Geniventure, the next generation of our popular dragon genetics software Geniverse, places students in a virtual underground lab where they perform genetic experiments with drakes, the model organism for dragons. There is real biology behind the mythical drake and dragon genes and traits, which have been carefully compiled from the actual genes and associated traits of the anole lizard, mouse, fruit fly, zebrafish, and other model species used to study genetics. The genes that affect horns, wings, color, and other drake traits are genes that are involved in the development and functioning of similar traits in real organisms.

In our Geniventure game, students zoom into a drake’s genes, see the actual DNA code behind them, and manipulate the resulting proteins as the proteins do the work of producing traits. The first set of protein-based challenges using this new interface revolves around scale color (modeled after the same genes for human skin color) and allows students to edit the genes of an albino drake. After working with the proteins that produce melanin and discovering a broken enzyme that results in an albino drake, students enter the nucleus of the cell to change the drake’s genes (and DNA) from producing the broken enzyme so that it can create the functional protein, ultimately generating a drake with color distributed throughout its scales.

From albino to charcoal (right). In the protein-level challenges, students can view the starting state of their drake’s scale color (Albino), the current state (Lava), and the target state (Charcoal). The Start and Target views also display the distribution of color throughout the drake’s scale cells.

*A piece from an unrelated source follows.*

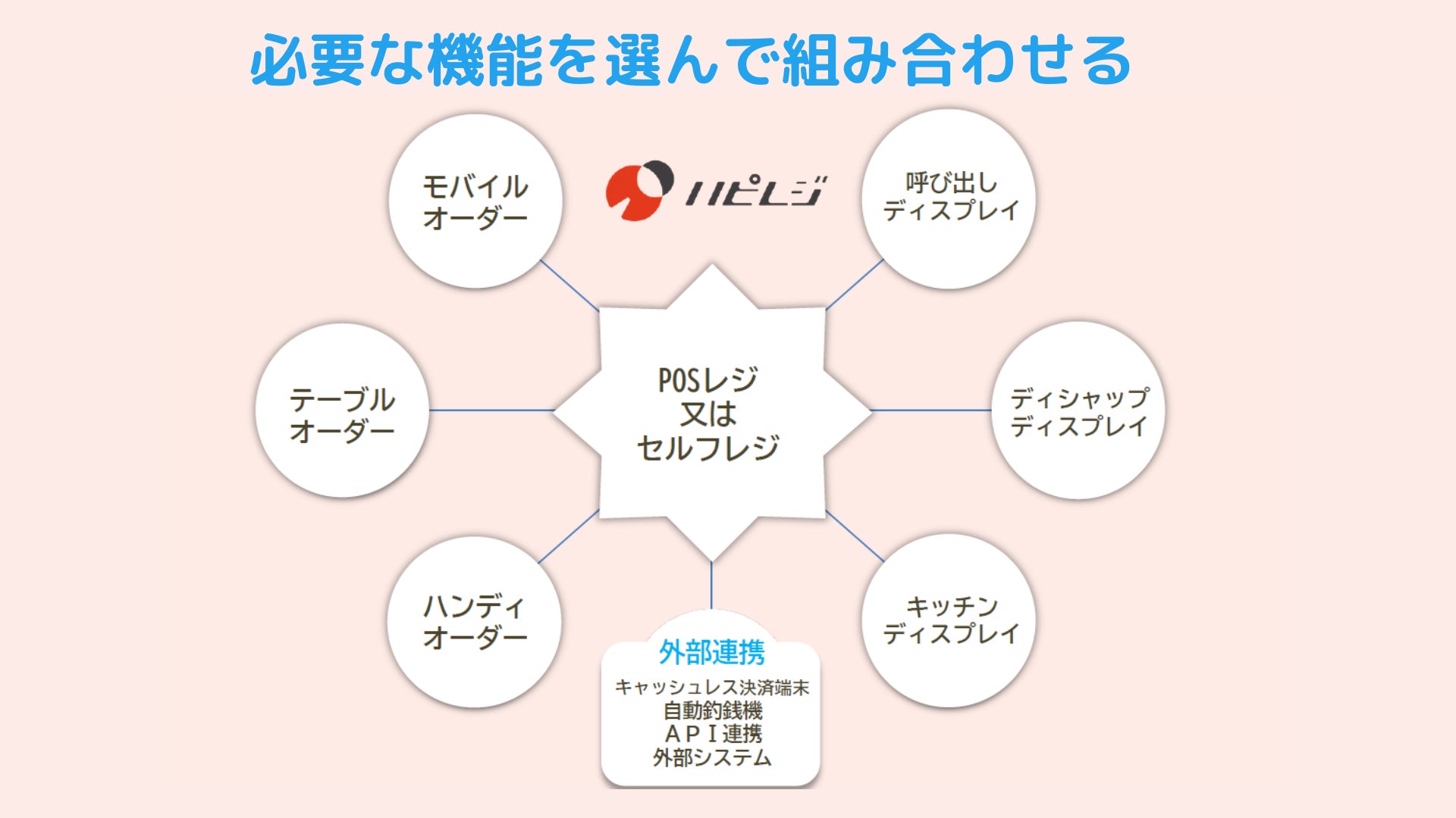 ■使いやすいセルフレジ・POSレジの機能に加え、モバイルオーダーやテーブルトップオーダー、キッチンディスプレイ、現金自動釣銭機など幅広い機能を追加することができるので飲食店・リゾート施設などでは、レジとしてだけでなく、店舗DXの切り口として幅広く導入いただいています。

Proteins in action. In the Geniventure Zoom Room, students experiment with proteins and discover how they influence the color of the drake. Students are tasked with manipulating the proteins of an albino drake to restore color to its scales.

Inside the nucleus. In some challenges, students are unable to work with the proteins directly. Instead, they must enter the nucleus where they can alter the drake’s alleles to create the proteins needed to reach the target color.

Making this protein-based link from DNA to trait is critical for students’ ability to make sense of patterns between genes and traits— for example, dominant vs. recessive versions of genes— and to apply the same logic to other genetic phenomena. Through Geniventure, students are able to transfer their experience of editing genes and working with proteins in drakes to an understanding of how scientists are using CRISPR and other techniques.

Our goal is to help students better understand modern science, including biotechnology advances such as CRISPR, to make science engaging and relevant, so students can ultimately envision themselves as future scientists.

Why dragons?

Breeding virtual dragons is all in a day’s work in biology classrooms using Geniverse, our free, web-based genetics software. Although Geniverse is a game-like environment, it’s far more than child’s play. Indeed, students dive into genetics on a quest to heal a beloved dragon. Students use a model species (drakes) to explore the fundamental mechanisms of heredity and genetic diseases and get a taste of careers in genetics. (Drakes are essentially a smaller version of a dragon, and are a model species in much the same way as the mouse is a model species for human genetic disease.)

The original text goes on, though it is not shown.